When the elevator is accelerating upwards, the net force acting on the elevator and the person inside it (standing on a scale) is positive. Since the weight force cannot change, the normal force exerted on the person by the scale must increase to allow for this.
Since the weight displayed by the scale is dependent on the normal force, the apparent weight becomes greater than true weight. A person standing a the scale would feel heavier. This is true in both cases of the elevator moving upwards or downwards (either positive or negative velocity).
$$F_N = m(g + a)$$
where `a > 0`.
When elevator is accelerating in the downward direction (negative), the net force acting on the elevator and objects inside it becomes negative. Again, since the weight force of the person remains unchanged, the normal force exerted by the scale on the person must decrease and become smaller than the weight force.
$$F_N = m(g + a)$$
where `a < 0` causing `F_N` to be reduced such that:
$$F_N < mg$$
In this instance, the apparent weight is less than the true weight. A person standing on the scale would feel lighter.

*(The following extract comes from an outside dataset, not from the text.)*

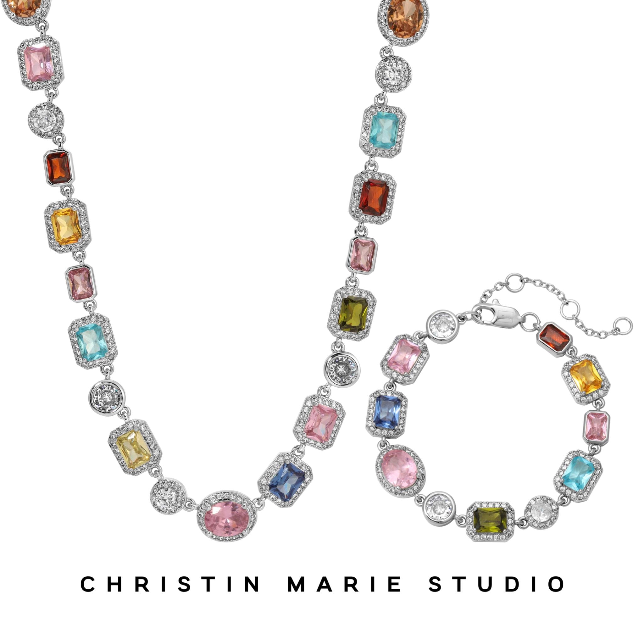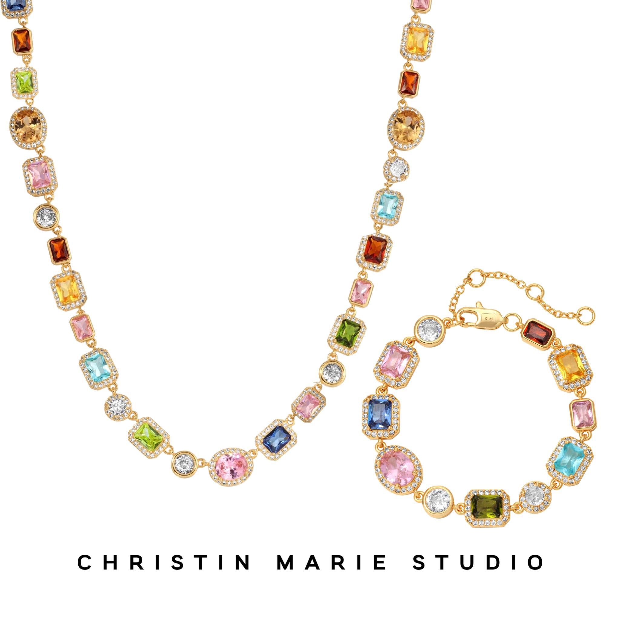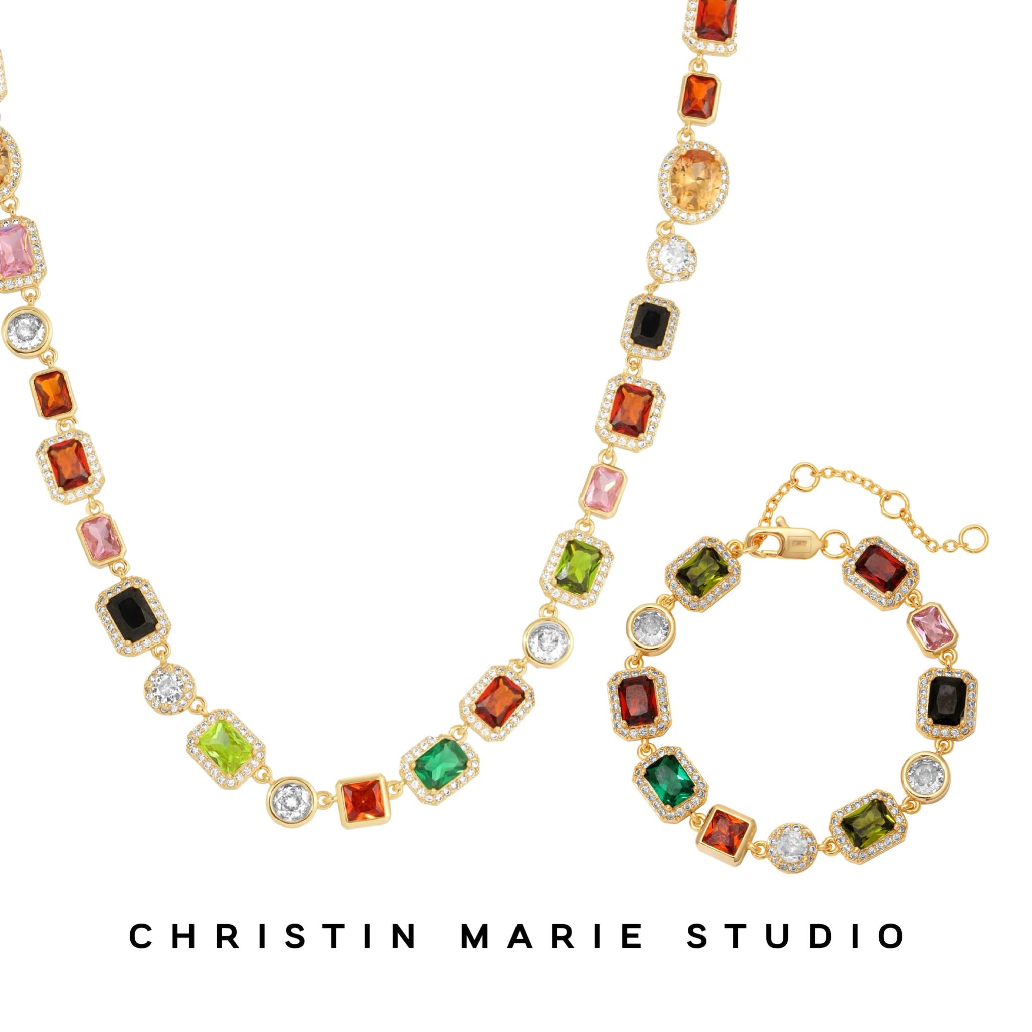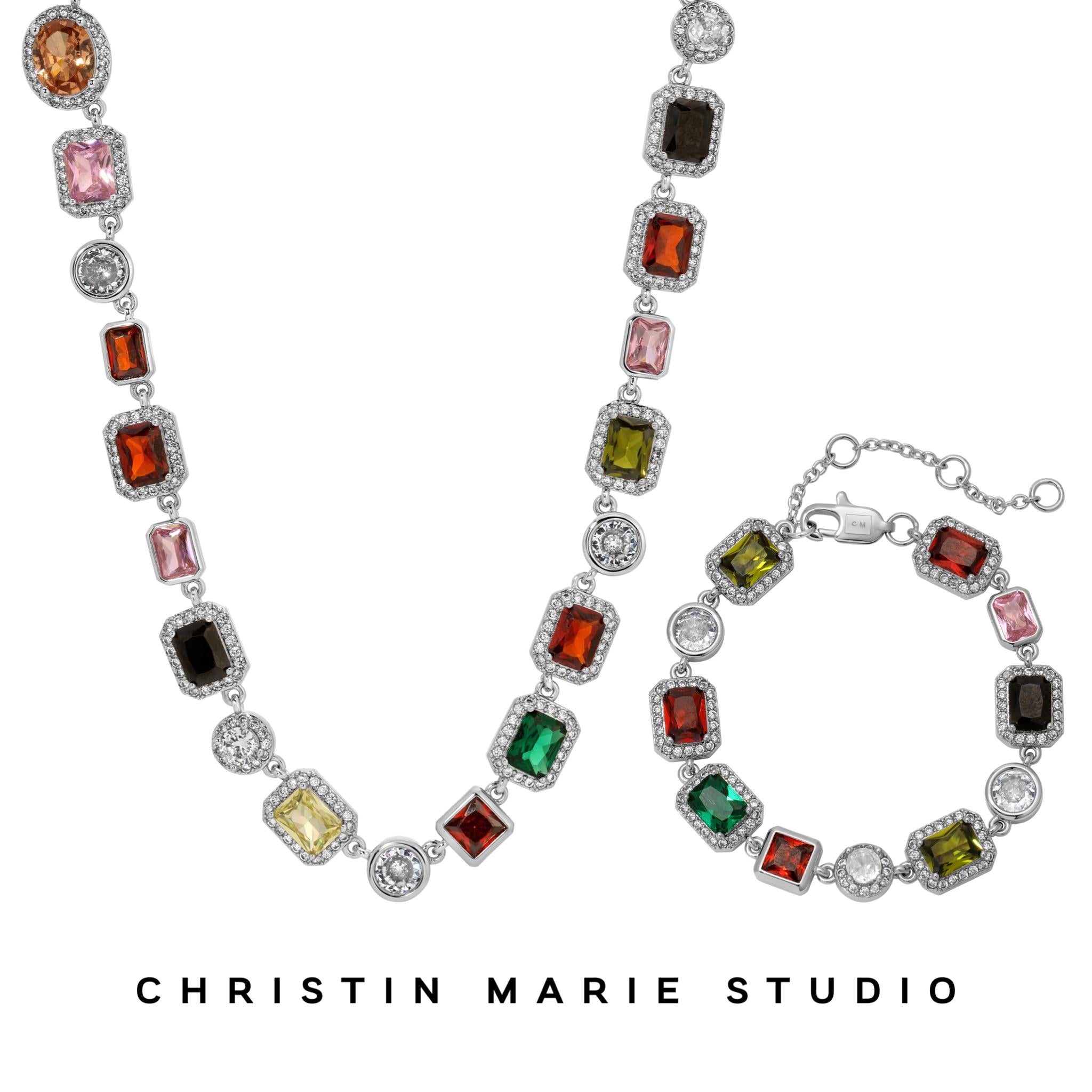 Introducing the Solstice Purely Gems bundle, a stunning set that embodies luxury and sophistication. This exclusive variation features an array of multicolored gemstones meticulously placed to showcase their natural brilliance, making it a perfect addition to any jewelry collection.

It is important to understand that the apparent weight depends on the acceleration of the elevator, not its velocity. This means the variation of apparent force depends on whether the acceleration is positive or negative, regardless whether the elevator is moving upwards (positive velocity) or downwards (negative velocity).
Positive acceleration increases the apparent weight, and negative acceleration decreases the apparent weight.